**Exercise requirements**
The pictures in the listing below are to be skipped, while the lines between the line holding "부산교통공사는 27일 오전" and the line holding "This is one", inclusive, are to be output exactly.

Source data below:

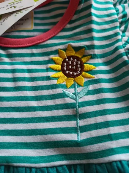 Это второе платье, которое я заказала в этом магазине и однозначно не последнее Качество платья как всегда прекрасное, тут и говорить не о чем. Подсолнух это вышивка, а на подоле печатный рисунок. С размером не стала рисковать и на наши 2.1 и рост 92 см, взяла размер 4т и правильно сделала. Сейчас село платье прекрасно и хватит надолго. Мне настолько нравятся платья этого бренда, что готова скупить их все
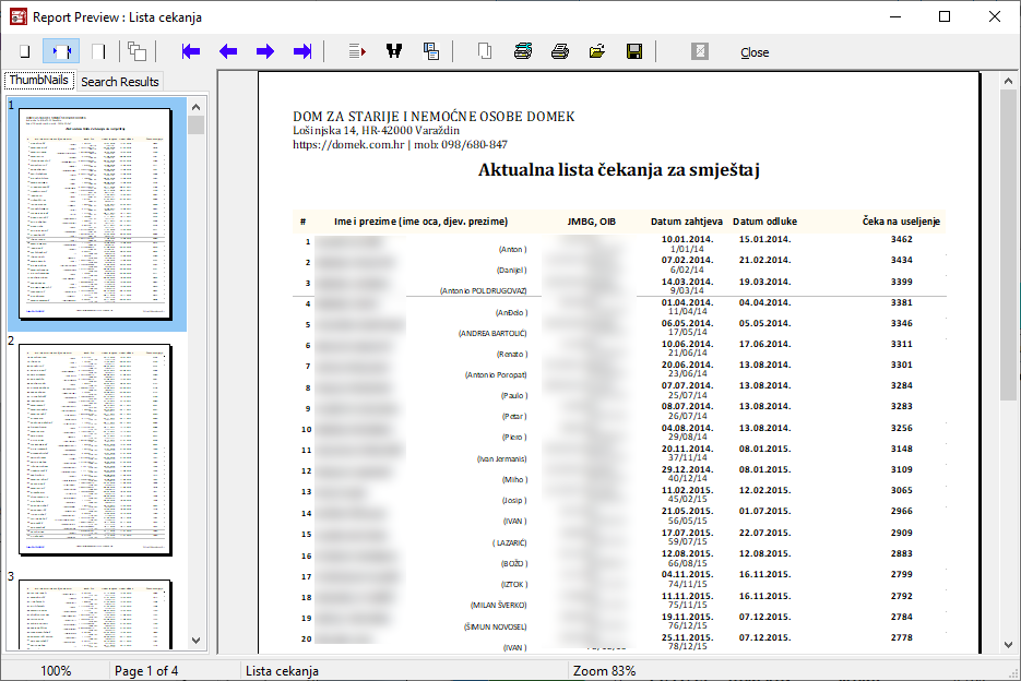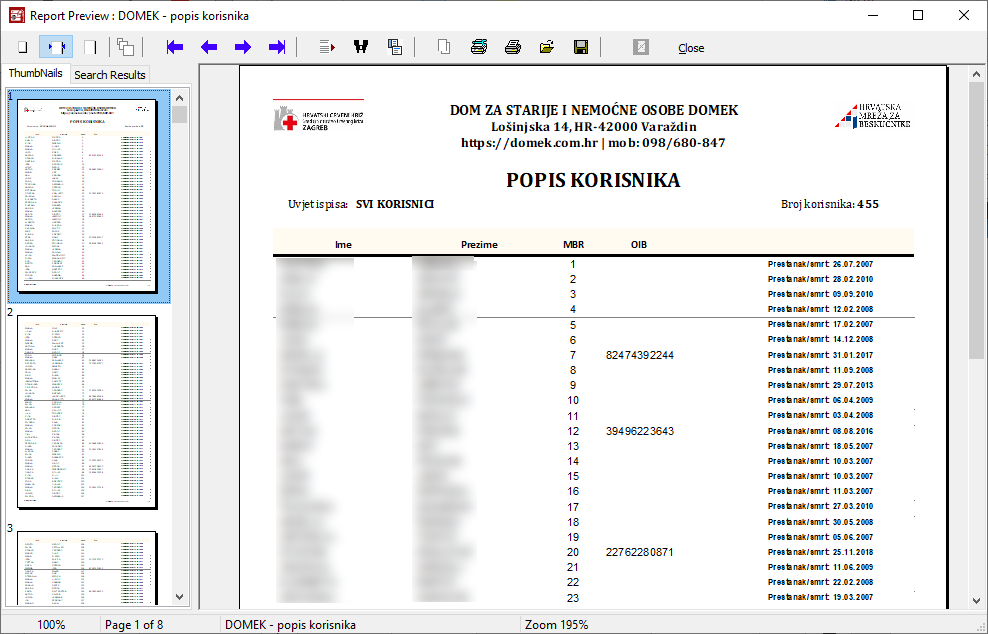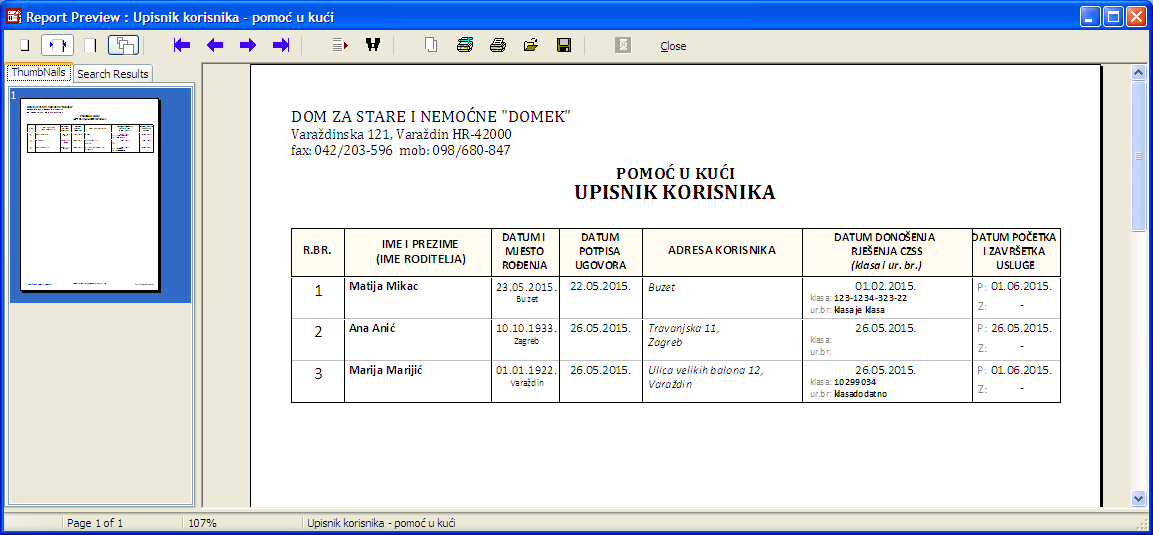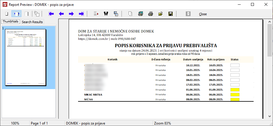 Slika 4.11 - ispis upisnika korisnika - pregled izvješća prije ispisa
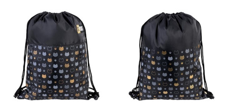 Fekete Bambino zsinóros táska. A macskás grafika sok kisgyereknek tetszeni fog. A zsákos hátizsák tökéletes a váltócipő vagy tornaruha bepakolásához. Méretek: 34 cm x 43 cm.
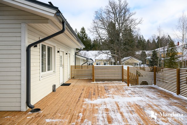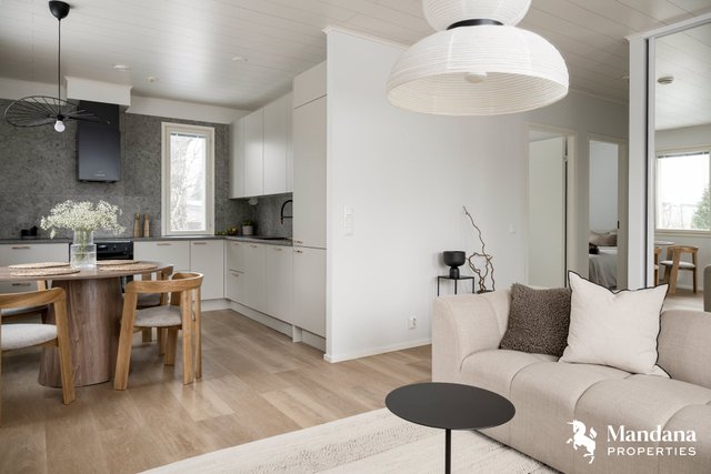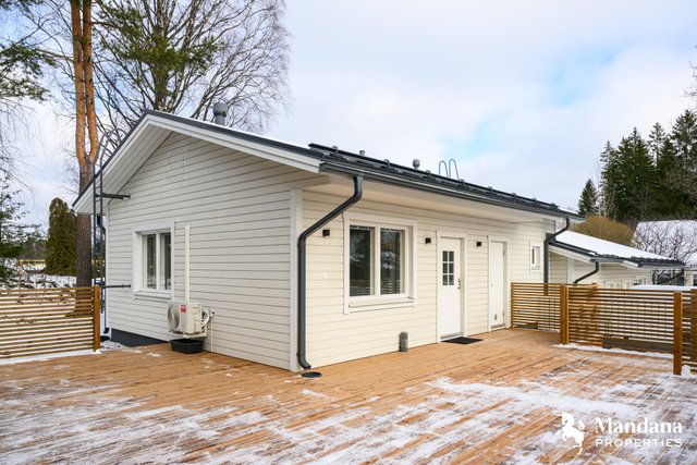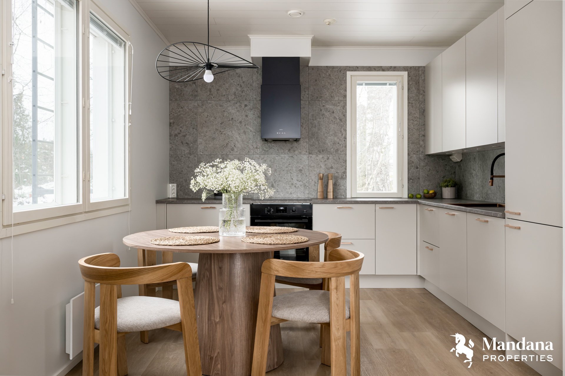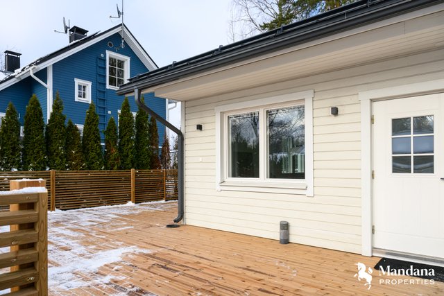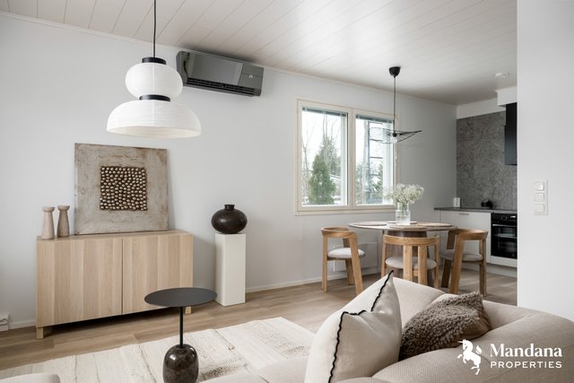 Erinomaisen hyvällä pohjaratkaisulla oleva heti vapaa ja muuttovalmis paritalon puolikas rauhalliselta Nikinmäen pientaloalueelta. Huoneistoon on tehty kattava pintaremontti alkuvuodesta 2025, jolloin etelään aukeava valtavan iso terassi on myös uusittu ja asennettu ilmalämpöpumppu (ILP), jota voi käyttää viilentämiseen ja lämmittämiseen. Oma sauna sekä kaksi autopaikkaa ja lämmin 6,5 m² varasto. Harmoninen ja moderni värimaailma sekä uutta vastaavat pinnat kruunaavat tämän kokonaisuuden.
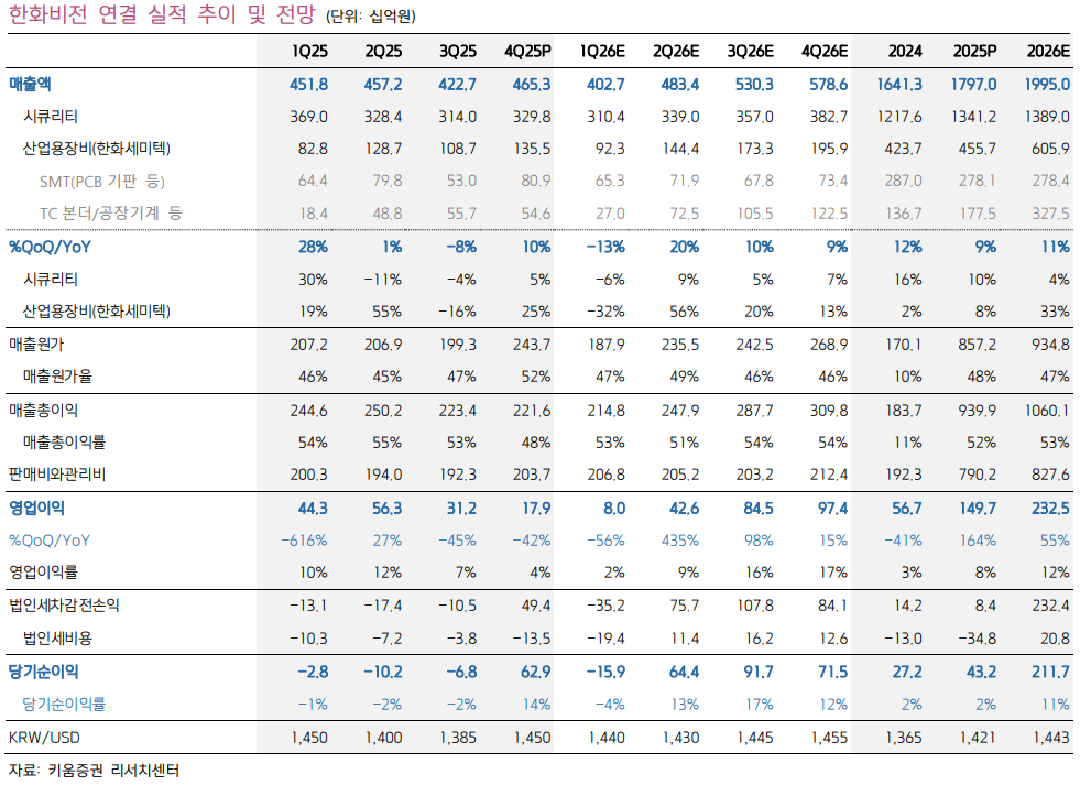 특히 산업용 장비 사업(한화세미텍)의 성장이 매출 증가의 핵심 요인으로 분석됩니다.
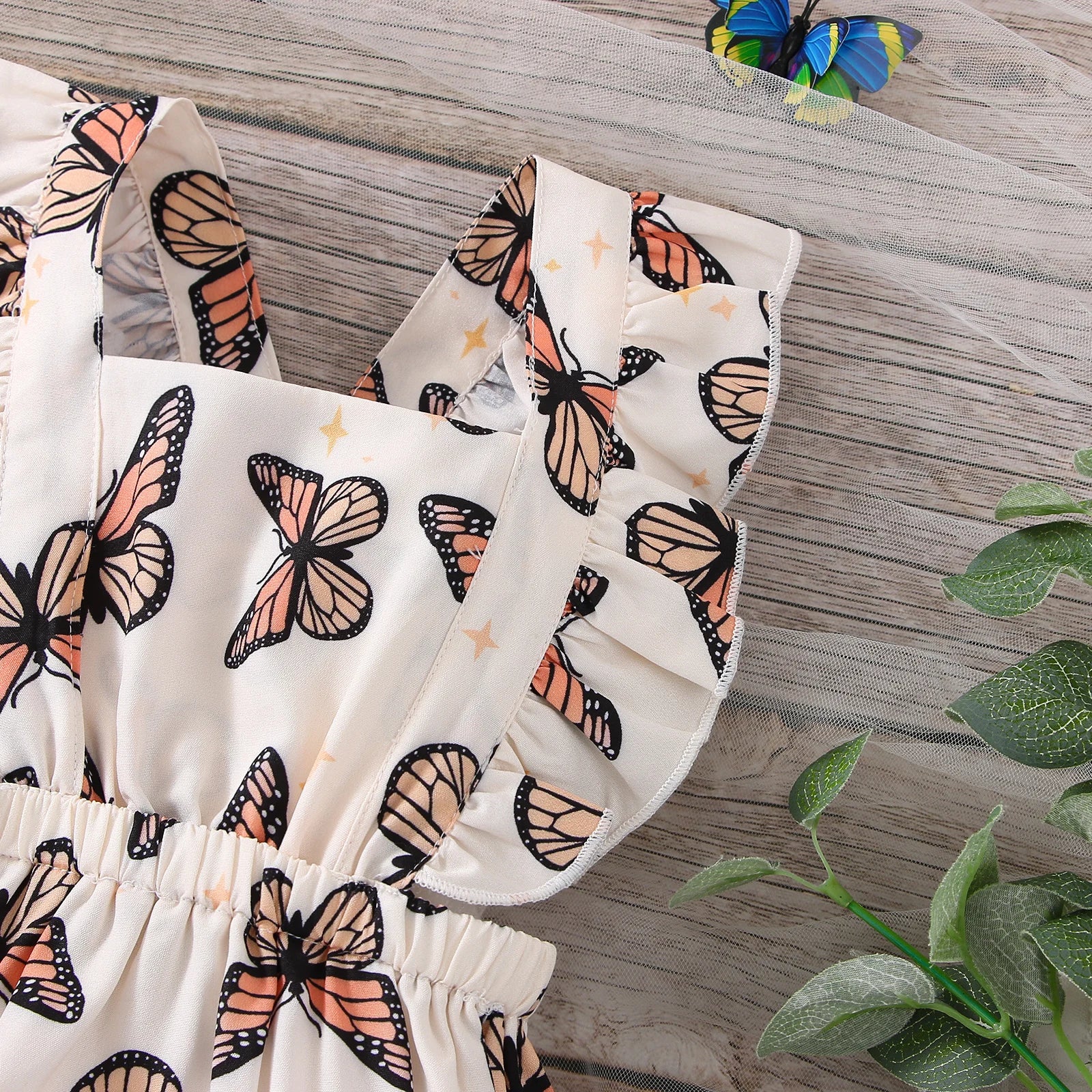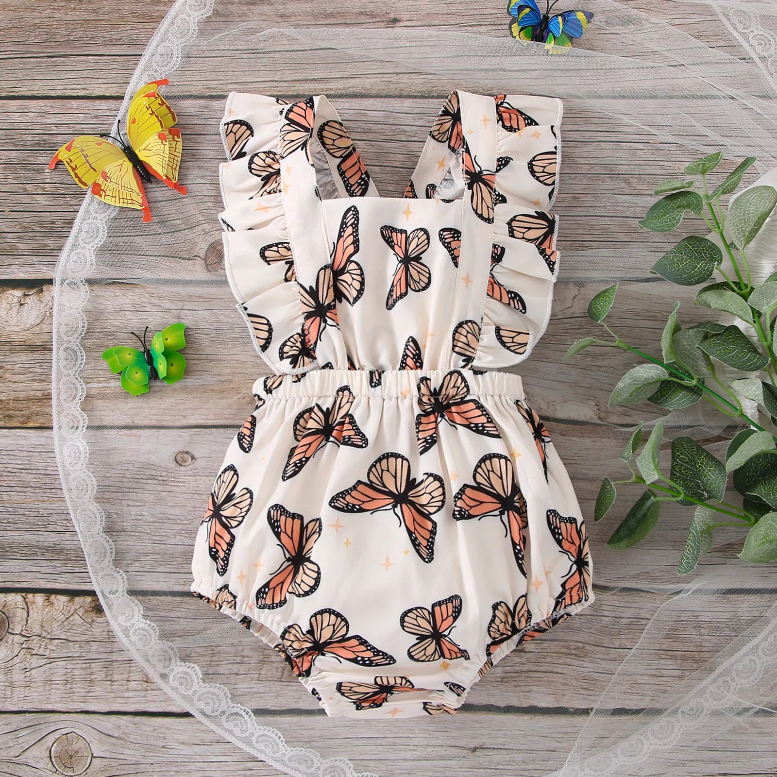 Wir präsentieren unseren bezaubernden Rüschen-Body mit Schmetterlingsmuster für Babys.
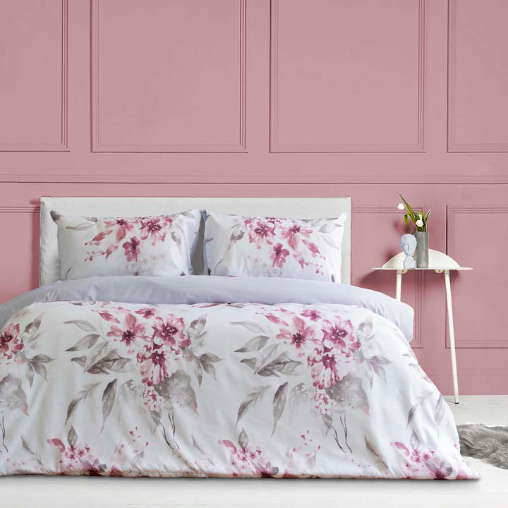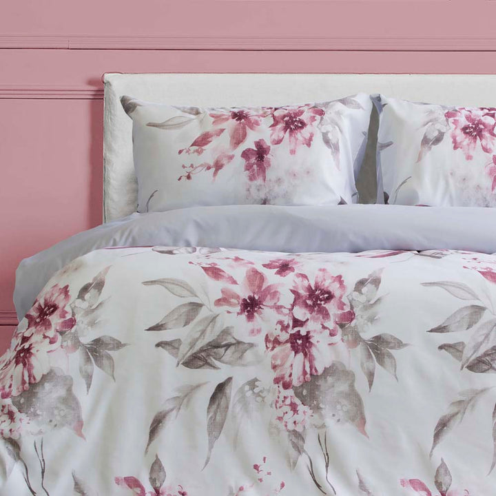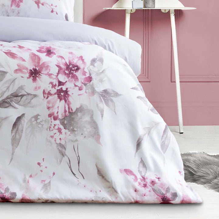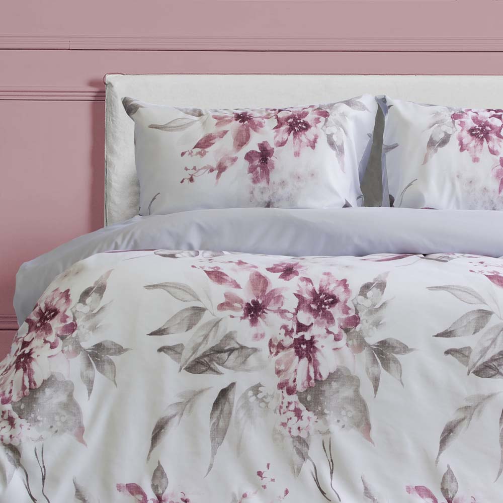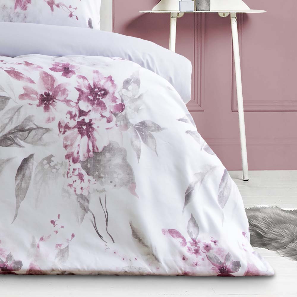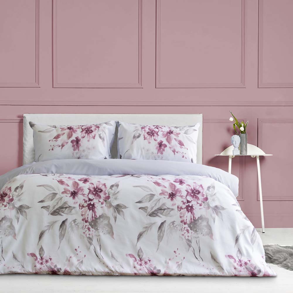 Ardor Boudoir Ginnifer Multi King Bed Quilt Cover Set welcomes warm plum tones to your bedroom. Bold flower graphics paired with crisp, white sheets to create a sharper, more modern look.
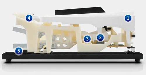 В KDP 75 представили следующее поколение, Responsive Hammer Compact 2. В ней улучшили баланс рычага и поменяли сенсоры, их тут 2 шт. И вроде как она стала более отзывчивой. Но честно говоря, играя, я не почувствовал разницы. Она мне нравилась в KDP 70, и она по прежнему мне нравится в KDP 75 и 120.
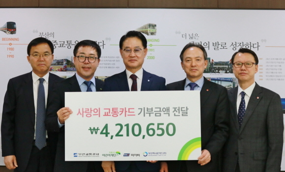 부산교통공사는 27일 오전 본사 7층에서 ㈜마이비와 함께 교통카드 기부함을 통해 수거된 성금 421만원을 초록우산어린이재단 ‘저소득층 아동 지원기금’으로 전달했다고 밝혔다.
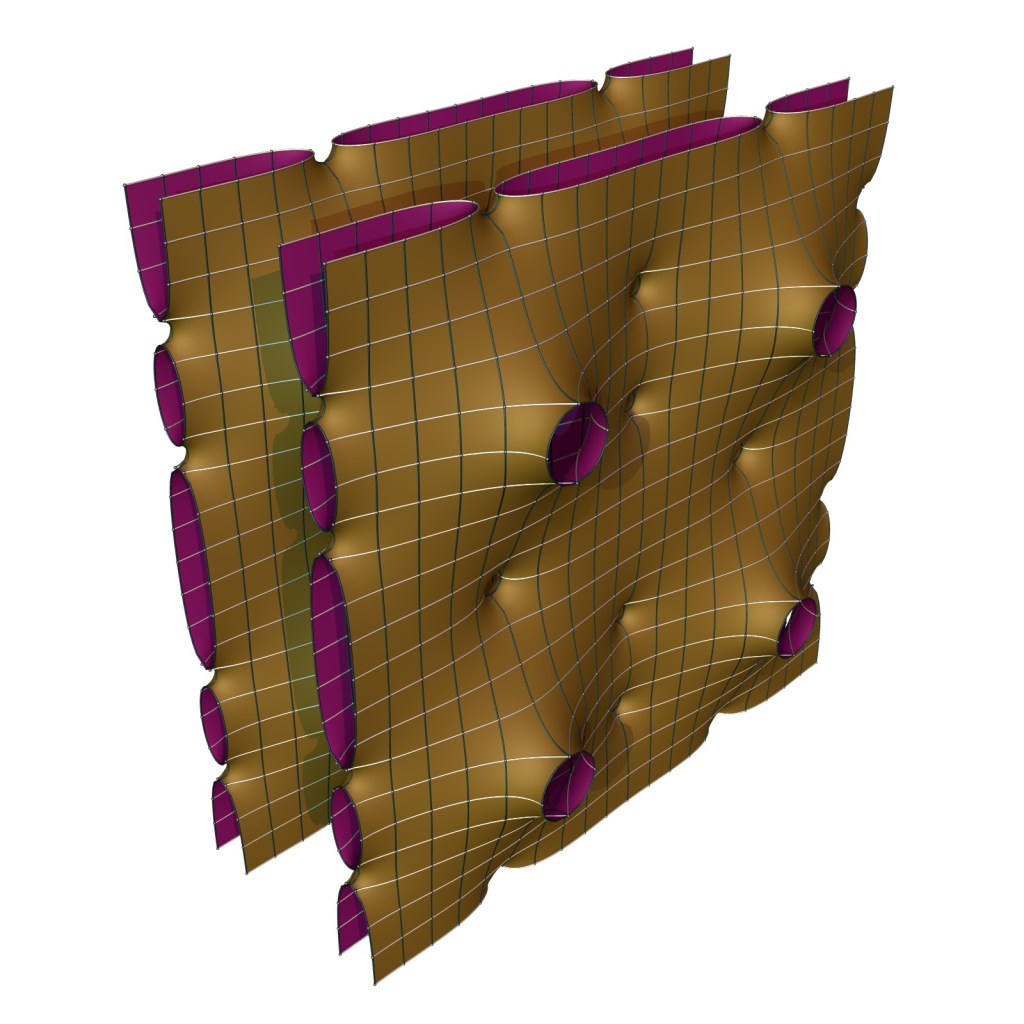 This is one of two families of genus 5 surfaces that have the same behavior along the boundary of the box: In one boundary component, the Gauss map points vertically up at two corners, while in the other component it changes between up and down.
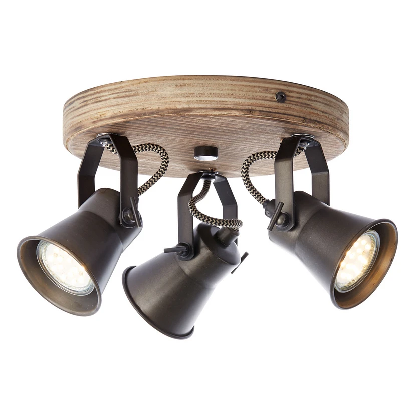 Dzięki trzem obrotowym sporom, lampa sufitowa Spots imponująco podkreśla wygląd każdego mieszkania i może wpływać na atmosferę w wybrany sposób. Mieszanka materiału ze stali i drewna pokazuje swoją rustykalna stronę.
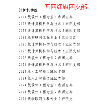 按照《关于做好2024年度“五四”评优工作的通知》(宝文理院团字〔2025〕7号)精神,通过团员教育评议、组织推荐、资格审查、述职答辩、综合评定等环节,学院参与了2024年度共青团工作先进集体和先进个人评选活动。经校团委研究决定,学院喜获“2024年度共青团单项工作先进集体”荣誉称号,2021级软件工程1班团支部等13个团支部荣获“2024年度五四红旗团支部”荣誉称号,2023级计算机科学与技术1班吴鑫源荣获“2024年度十大活力团支部书记”荣誉称号,22级人工智能2班李月阳荣获“2024年度十佳共青团员”荣誉称号,22计算机科学与技术2班周向远荣获“2024年度十佳共青团干部”荣誉称号,22计算机科学与技术2班何思源等16名同学荣获“2024年度优秀共青团干部”荣誉称号,23人工智能1班郭帅等24名同学荣获“2024年度优秀共青团员”荣誉称号。
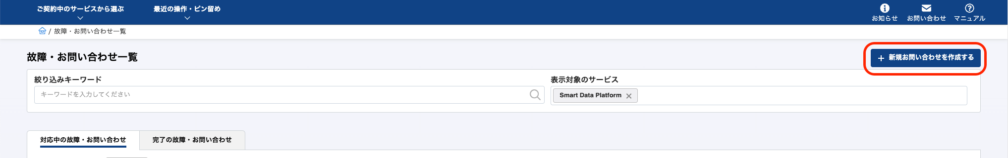 「新規お問い合わせを作成する」をクリックします。

End of Source data.

**Exercise output**
 부산교통공사는 27일 오전 본사 7층에서 ㈜마이비와 함께 교통카드 기부함을 통해 수거된 성금 421만원을 초록우산어린이재단 ‘저소득층 아동 지원기금’으로 전달했다고 밝혔다.
 This is one of two families of genus 5 surfaces that have the same behavior along the boundary of the box: In one boundary component, the Gauss map points vertically up at two corners, while in the other component it changes between up and down.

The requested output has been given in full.